Are Articles 43 EC and 49 EC to be interpreted as in principle also precluding national legislation, such as Article 38(2) of Decree-Law No 223 of 4 July 2006, converted by Law No 248/2006, under which ‘Article 1(287) of Law No 311 of 30 December 2004 shall be replaced by the following:

“287.   By measures of the Ministry of Economic and Financial Affairs — Independent Authority for the Administration of State Monopolies — the new rules for distributing gambling on events other than horse racing shall be laid down in accordance with the following criteria:

… (l) laying down the procedures for safeguarding licensees for the collection of bets at fixed odds on events other than horse racing governed by the regulations contained in Decree No 111 of 1 March 2006 of the Minister for Economic and Financial Affairs.”’

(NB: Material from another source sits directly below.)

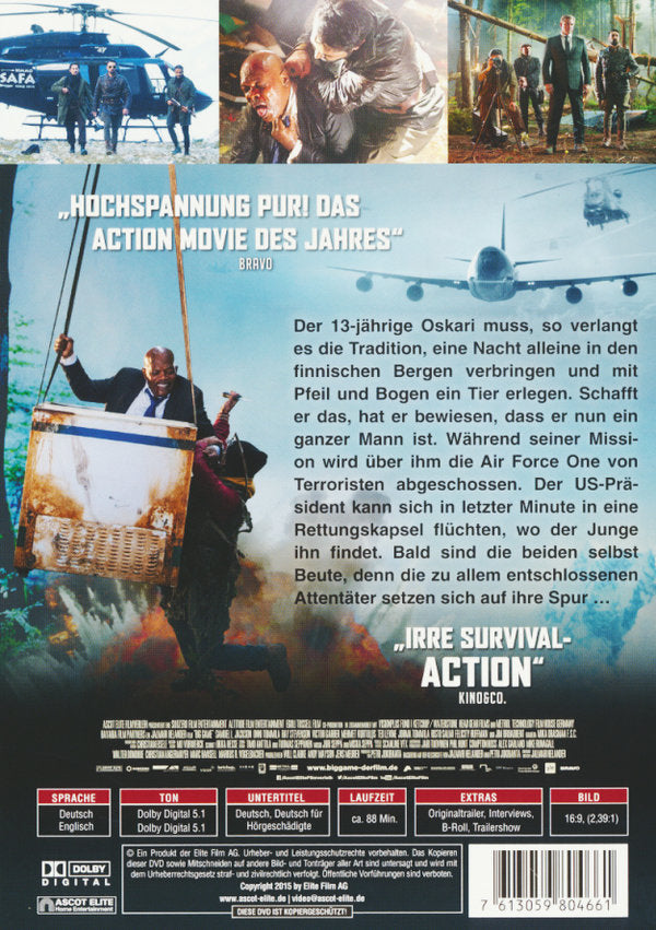 Der schüchterne 13-jährige Oskari steht vor einer großen Aufgabe: Er muss, wie es die Tradition verlangt, eine Nacht alleine und nur mit Pfeil und Bogen bewaffnet in den finnischen Bergen verbringen. Dort ist es seine Aufgabe, ein Tier zu erlegen. Kehrt er am nächsten Tag mit seiner Beute zurück, hat er bewiesen, dass er nun ein ganzer Mann ist. Keine leichte Aufgabe für den ängstlichen Oskari, denn die Familienehre steht auf dem Spiel und nicht einmal sein eigener Vater glaubt, dass er es schaffen kann. Während sich der Junge also mit großen Versagensängsten auf den Weg macht, wird direkt über ihm die Air Force One Ziel eines Terroranschlags. Mit an Bord: der Präsident der Vereinigten Staaten. In letzter Minute gelingt es einem der Leibwächter, diesen in eine Rettungskapsel zu verfrachten, die aus dem Flugzeug geschossen wird. Oskari findet den angeschlagenen Präsidenten, zeigt sich aber wenig beeindruckt. Schließlich ist er entschlossen, seine Mission zu erfüllen. Dem mächtigsten Mann der Welt bleibt also keine Wahl, er muss den Jungen auf seiner Jagd begleiten. Noch ahnen die beiden nicht, dass sie selbst die Beute sind. Denn die Attentäter sind ihnen auf den Fersen und zu allem bereit. Die Jagd ist eröffnet ...

The question whether Article 38(2) is compatible with Articles 43 EC and 49 EC relates, in particular, to the extent to which under Article 38(2) there is a general tendency to protect licences issued before the legal framework was amended and a number of restrictions and measures are provided for which could ultimately ensure de facto the maintenance of pre-existing commercial positions, as evidenced, for example, by the obligations to open new sales points at a distance from those already authorised. The question further relates to the general interpretation placed on Article 38(2) by the Independent Authority for the Administration of State Monopolies by inserting in licensing agreements a clause relating to lapse of the licence where analogous cross-border activities are engaged in directly or indirectly.

3.

If the answer is in the affirmative, that is to say that it considers compatible with Community law the national rules cited in the preceding paragraphs, is Article 49 EC to be interpreted further as meaning that, where the freedom to provide services is restricted for reasons in the public interest, consideration must be given in advance to whether sufficient account is not already taken of this public interest by the legal provisions, checks and investigations to which the service provider is subject in the State in which he is established?

4.

If the answer is in the affirmative, as set out in the preceding paragraph, must the referring court take account, in the context of its examination of the proportionality of a similar restriction, of the fact that the relevant provisions of the State in which the service provider is established provide for a degree of control which is equal to or actually exceeds that of the State in which the services are provided?